En l’espèce, l’employeur identifie celles-ci comme étant une réduction du produit financier, dont les effets ont, pour lui, nécessairement conduit au licenciement. Recherchant si cette réduction existe réellement, la Cour examine les comptes de résultat de l’entreprise, dont la progression de la marge brute d’exploitation, qui est constante sur trois ans, ce qui, contrairement à ce que soutient la société, constitue une progression constante du résultat financier, et ce d’autant qu’il y a constitution d’un bénéfice à affecter et réduction de la perte à reporter. L’examen de la situation financière de l’entreprise est ainsi opéré sur des bases comptables objectives. Tout aléa est, autant que possible, éliminé et particulièrement l’appréciation de la réduction de profit alléguée sur la base d’une période de référence trop courte : il ne faut pas se fonder sur une petite période de l’année et comparer quelques mois d’une année déterminée aux mêmes mois de l’année précédente, et ce sans critères objectifs permettant d’expliquer ce choix, alors que l’évolution de la situation financière et économique de l’entreprise ne peut s’apprécier valablement qu’en fonction d’une année civile au moins.

D’autres filtres sont également passés au crible, à savoir en premier lieu le secteur de travail de l’intéressé au sein de l’entreprise. Dans la mesure où celui-ci a été engagé en tant qu’ouvrier destiné à placer des installations de chauffage central et des installations sanitaires, la société est tenue, puisqu’en l’occurrence elle invoque une diminution de son chiffre des ventes, de déterminer dans quelle mesure la fonction du travailleur en cause est influencée, dans le secteur dans lequel il est occupé, par l’évolution de ce chiffre des ventes.
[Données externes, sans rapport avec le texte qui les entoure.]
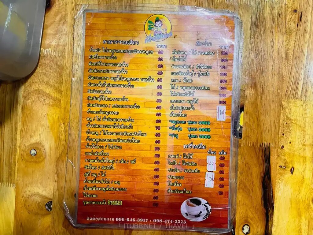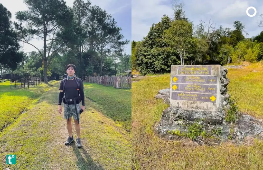 ก่อนออกเดินทางเช้านี้ ผมหามื้อเช้าตุนพลังไว้เดินทางไกลกัน กาแฟสด กับโจ๊กหมูอร่อยๆ (50 บาท) พร้อมออกเดินเท้าตอน 9 โมงเช้าครับ โดยเส้นทางที่แพลนไว้วันนี้ จากศูนย์วังกวาง – น้ำตกวังกวาง – น้ำตกเพ็ญพบใหม่ เดินลัดน้ำตกต่างๆ มาเรื่อยๆ – สระอโนดาต แล้วมาดูดวงอาทิตย์ตกดินที่ ผาหล่มสัก … ซึ่งเราไม่ต้องกลัวหลงทางเพราะมันมีป้ายบอกทางตลอด
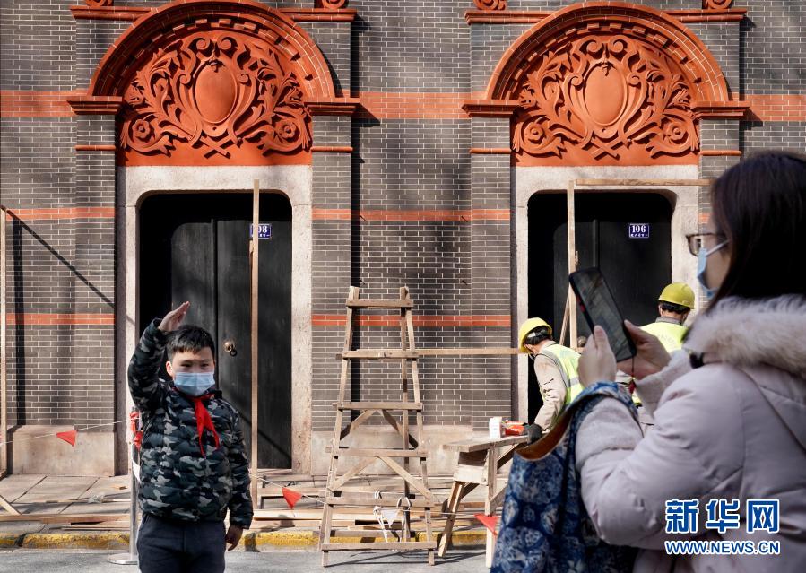 2月4日,上海市民林女士在修繕中的中共一大會(huì)址前為小學(xué)三年級(jí)的兒子拍照。新華社記者 劉穎 攝
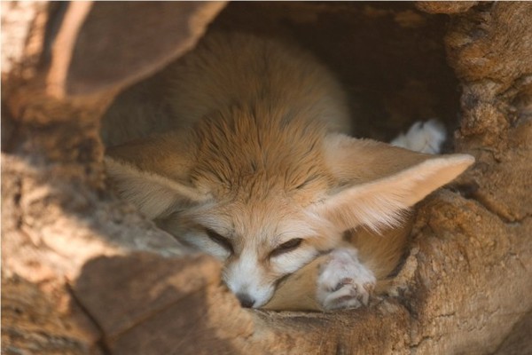 Эта песчаная лисичка – ночное животное. Поэтому большую часть светлого времени суток она проводит в своей норе, представляющей собой обширную систему туннелей со множеством входов и выходов.
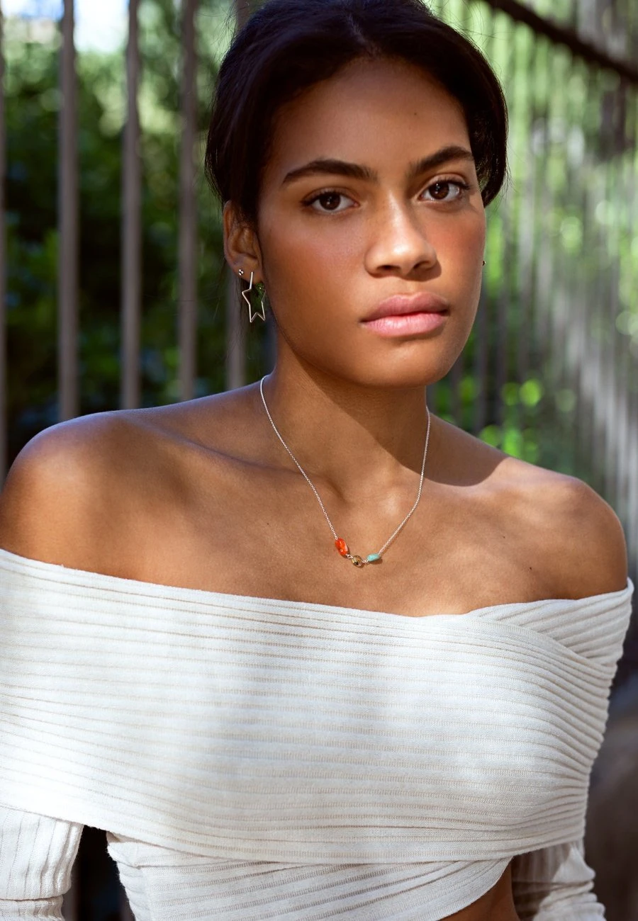 La amazonita aporta serenidad, el citrino brilla con calidez y la cornalina agrega vitalidad. Puedes combinarlo perfectamente con los pendientes Dipti para crear una combinación de estilo única. ¡Resalta tu belleza y añade un toque de color a tu look de otoño con este collar excepcional!
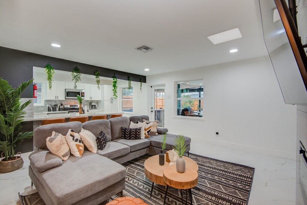 Welcome to your home away from home in the much-desired centrally located community of Spring Branch. This vacation home offers a modern comfort with a beautiful open-concept layout, a fully equipped dream kitchen, and five bedrooms, providing plenty of sleeping space. Conveniently located, you're only minutes away from some of Houston's prime attractions. Our home caters to both short-term and medium-term stays, making it an excellent choice for corporate housing needs. Featuring a bold contrasting center kitchen island, the fully equipped kitchen includes stainless steel appliances such as a fridge, freezer, stove, oven, dishwasher, and microwave. The dining room, with its bold geometric accent wall, offers a dinner table with seating for six or more, and a breakfast bar at the kitchen island. The living room, furnished for comfort, invites you to relax with its open-concept layout, high-speed Wi-Fi, and cozy seating. Free parking is available in the garage and on the driveway, with additional street parking if needed. We welcome house-trained pets with a non-refundable pet fee of $150 per pet, with a maximum of two pets per stay. An additional nightly rate applies for more than six guests, with a $29/night fee for each extra guest. Nestled conveniently between the 610 Loop and Beltway 8, this prime vacation home offers an urban-suburban feel. Located only minutes from downtown and the Energy Corridor, you'll find an abundance of family-friendly activities and community appreciation here. Houston is known for its tasty Tex-Mex and contributions to space and science, offering plenty of southern charm. Nearby attractions include the Houston Museum of Natural Science and Minute Maid Park, both within a 21-minute drive. Smoking of any type is not allowed, with violations subject to a $450 fine plus the cost to clean, deodorize, and repair damages. Check-in is at 4pm and checkout is at 10am. No parties or large gatherings are allowed, and only registered guests are permitted. A noise alert device is installed to monitor decibel levels, ensuring compliance with local noise ordinances. The fireplace is electrically operated and should not be left unattended. We offer plenty of body towels, but guests are encouraged to bring their own pool towels. Smart TVs are equipped with streaming apps, and guests can log in with personal accounts. The living room is equipped with high-speed Wi-Fi, making it suitable for remote work-friendly stays. [SI]
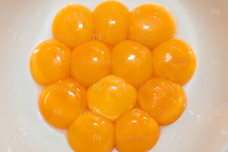 Желтки куриных яиц, отделенные от белка в белой тарелке
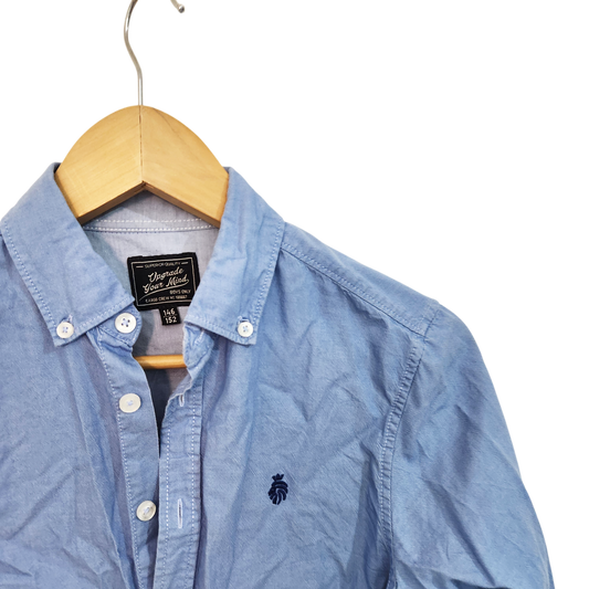 חולצה מכופתרת שרוול ארוך צבע כחול | לילדים גיל 10-12
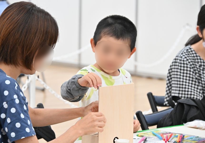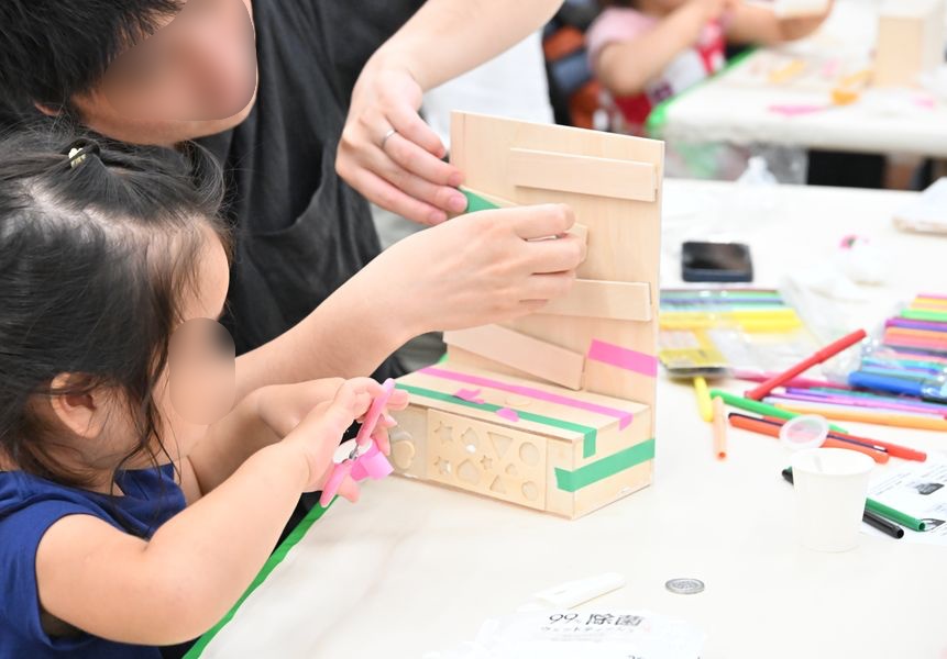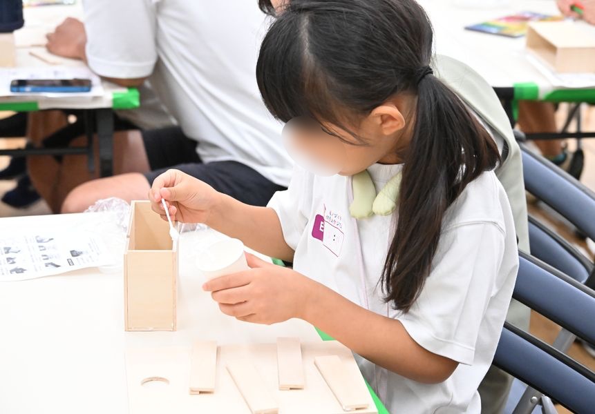 木材を綿棒を使って接着し組み合わせ、カラーペンやテープなどで自由に装飾する。思い思いのデザインを施し、モノづくりを楽しみました。参加した保護者は「子どもが工作好きでこのプログラムを選んだ」と親子で体感した。
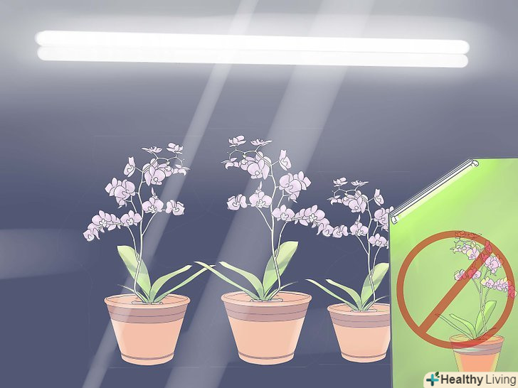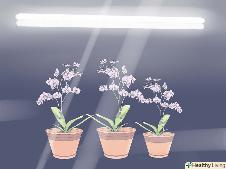 Якщо не можете забезпечити достатню кількість природного світла, додайте штучне освітлення. люмінесцентні лампи або газорозрядні лампи високої інтенсивності-найкраща альтернатива сонячному освітленню. Помістіть лампи на відстані 6-12 дюймів (15.24-30.48 сантиметрів) від верхівки міні-орхідеї, щоб уникнути випадкового надмірного освітлення.
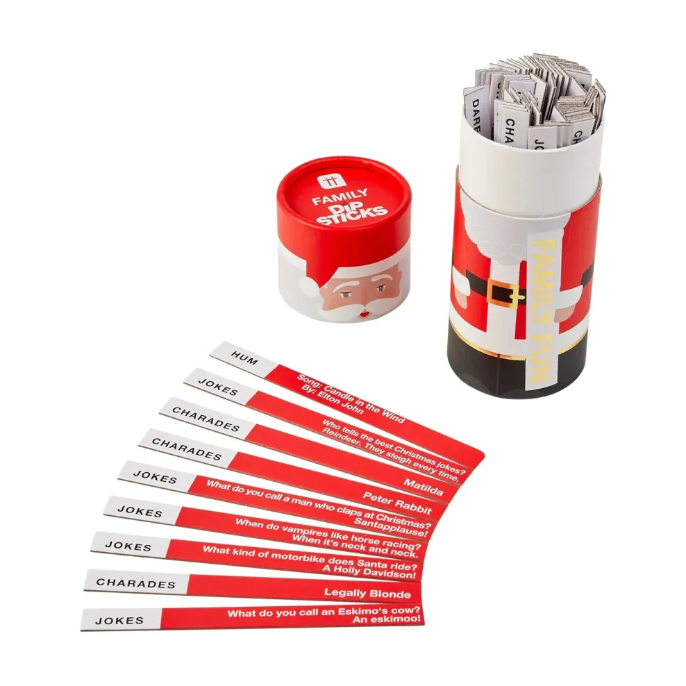Santa Dipstick Game POS by Talking Tables. Dip in, pick a stick and have some family festive fun! You could pick a stick featuring a Charade, Joke, Dare or Hum That Tune. This game is ideal for kids and adults when celebrating with the loved ones on Christmas Day or Boxing Day.
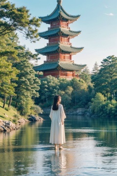 Realistic,best quality,masterpiece,8K,HDR,RAW,(1girl:1.6),solo,<lora:add_detail:0.6>,mount,water,foge,chinese style,tower,flower,<lora:ENNE 只此青绿_v10:0.7>,zcql,<lyco:GoodHands-beta2:1>,
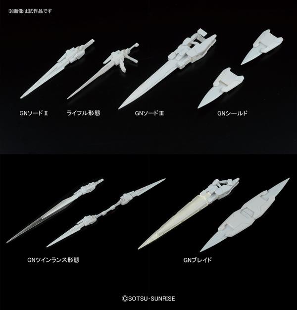 GNソードII、GNシールド、GNソードIII、GNビームサーベルが付属。ジョイントを介して、腰部や肩部等にマウントが可能。各武装を装備して、劇中の剣劇アクションが再現可能。
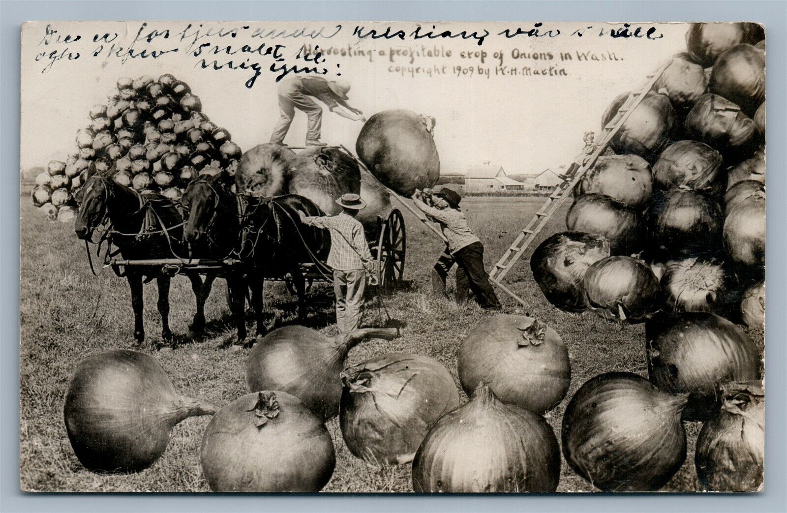 HARVESTING WASHINGTON ONIONS EXAGGERATED ANTIQUE REAL PHOTO POSTCARD RPPC
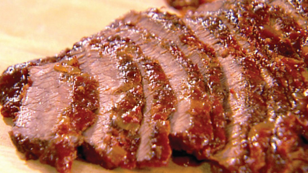 Bake for 2 ½ hours. Remove from oven. Cool and slice thinly and return meat to sauce. Rewarm and serve with sauce.
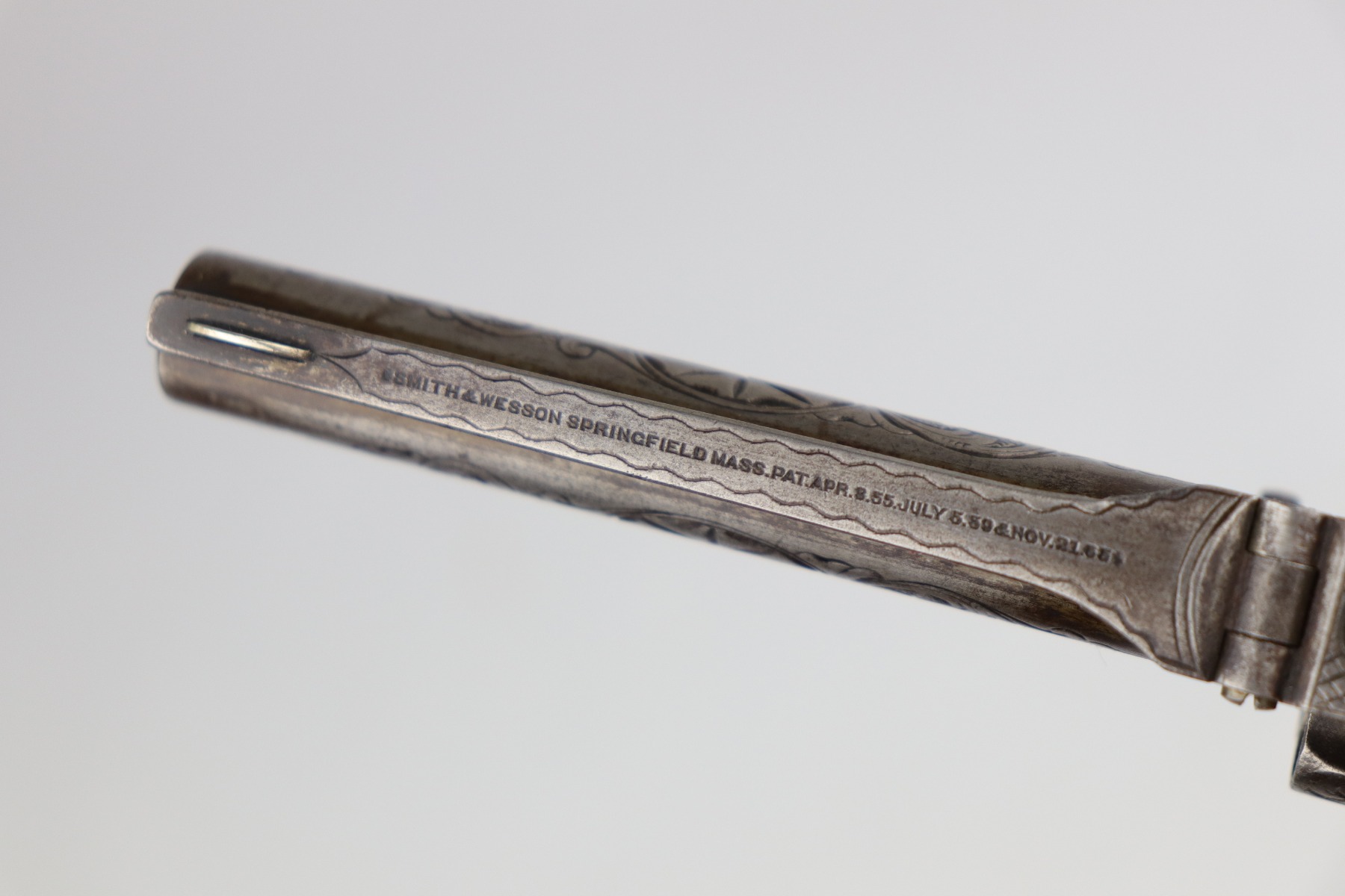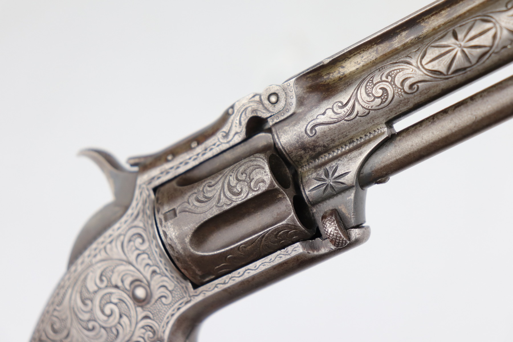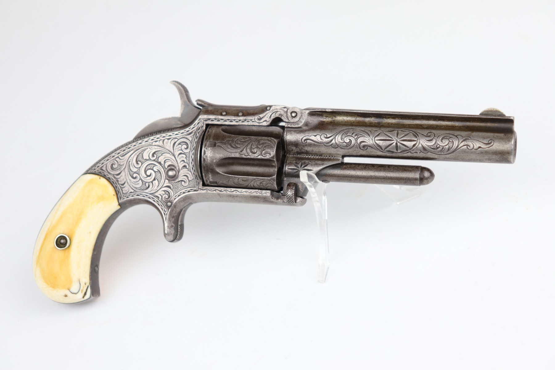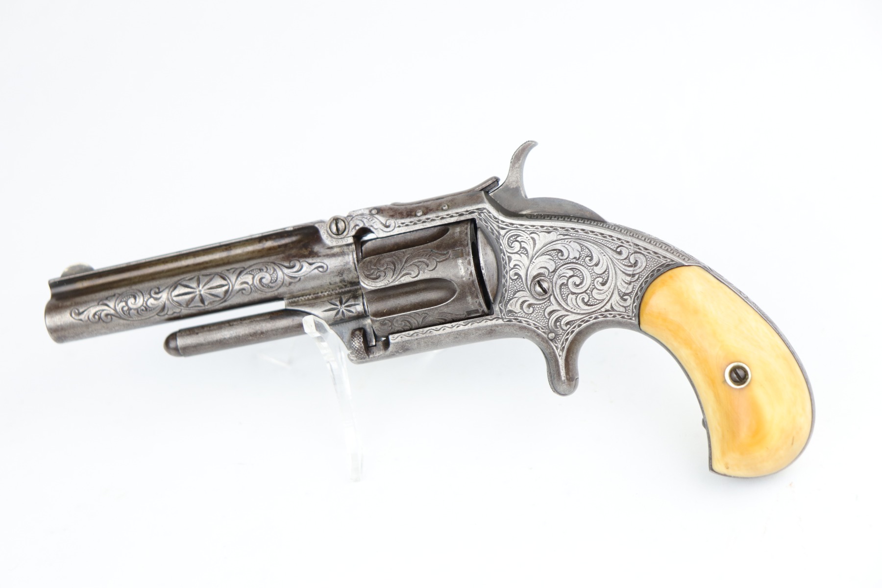 6/18/20 – This is a S&W No. 1 1/2 Second Issue Revolver. It is an antique and was manufactured between 1868-1875. It features a beautiful floral and “burst” engraving pattern. This pattern is period correct. It also has original ivory grips in excellent condition. There is some tarnish on the barrel which is an indication that it likely was silver-plated originally. The original finish is almost completely worn. The gun still functions. There are spotty areas of patina on the metal throughout. The bore has decent rifling with minor pitting throughout.

En outre, l’argument selon lequel des faillites auraient porté préjudice à la santé financière de l’entreprise ne peut être retenu, dans la mesure où il n’est nullement démontré qu’elles ont eu une incidence sur cette situation (et ce d’autant plus qu’elles sont postérieures au licenciement).

Ensuite, l’argument du chômage économique. La société expose qu’elle y recourt de manière régulière. Le recours au chômage économique pourrait tenter de faire admettre une situation endémique de manque de travail, de difficultés, etc., mais comme pour l’ensemble des autres motifs allégués, la Cour se garde bien de confondre le résultat d’une décision de l’entreprise avec sa cause. La décision de recourir au chômage économique n’est en l’occurrence nullement expliquée. Et la Cour de relever qu’elle n’est pas en mesure d’apprécier le sens de celui-ci : ainsi, s’il est spécifique à la branche de travail, s’il est structurel dans l’entreprise ou par contre s’il est saisonnier. Le fait d’y recourir n’est dès lors pas la preuve de l’existence de difficultés de fonctionnement de l’entreprise.

Enfin, la politique de l’entreprise en matière de personnel est également examinée et, en l’occurrence, la Cour constate encore qu’il ne ressort pas d’un mouvement significatif de réduction du personnel que l’entreprise ait été amenée à réduire ses coûts de main-d’oeuvre. Ceci vaut d’autant plus que d’autres membres de personnel ont été engagés.

Cette jurisprudence est particulièrement exemplative de la jurisprudence en matière de contrôle du licenciement de travailleurs manuels pour des raisons fondées sur les nécessités de fonctionnement de l’entreprise et rappelle la portée du contrôle du juge quant au motif du licenciement. Si notre droit positif ne contient en effet aucune exigence de motivation formelle du licenciement (dans le chef de l’employeur du secteur privé), la motivation matérielle doit exister et son contrôle est effectué de manière stricte, vu la présomption légale de licenciement abusif contenue dans le texte de la loi.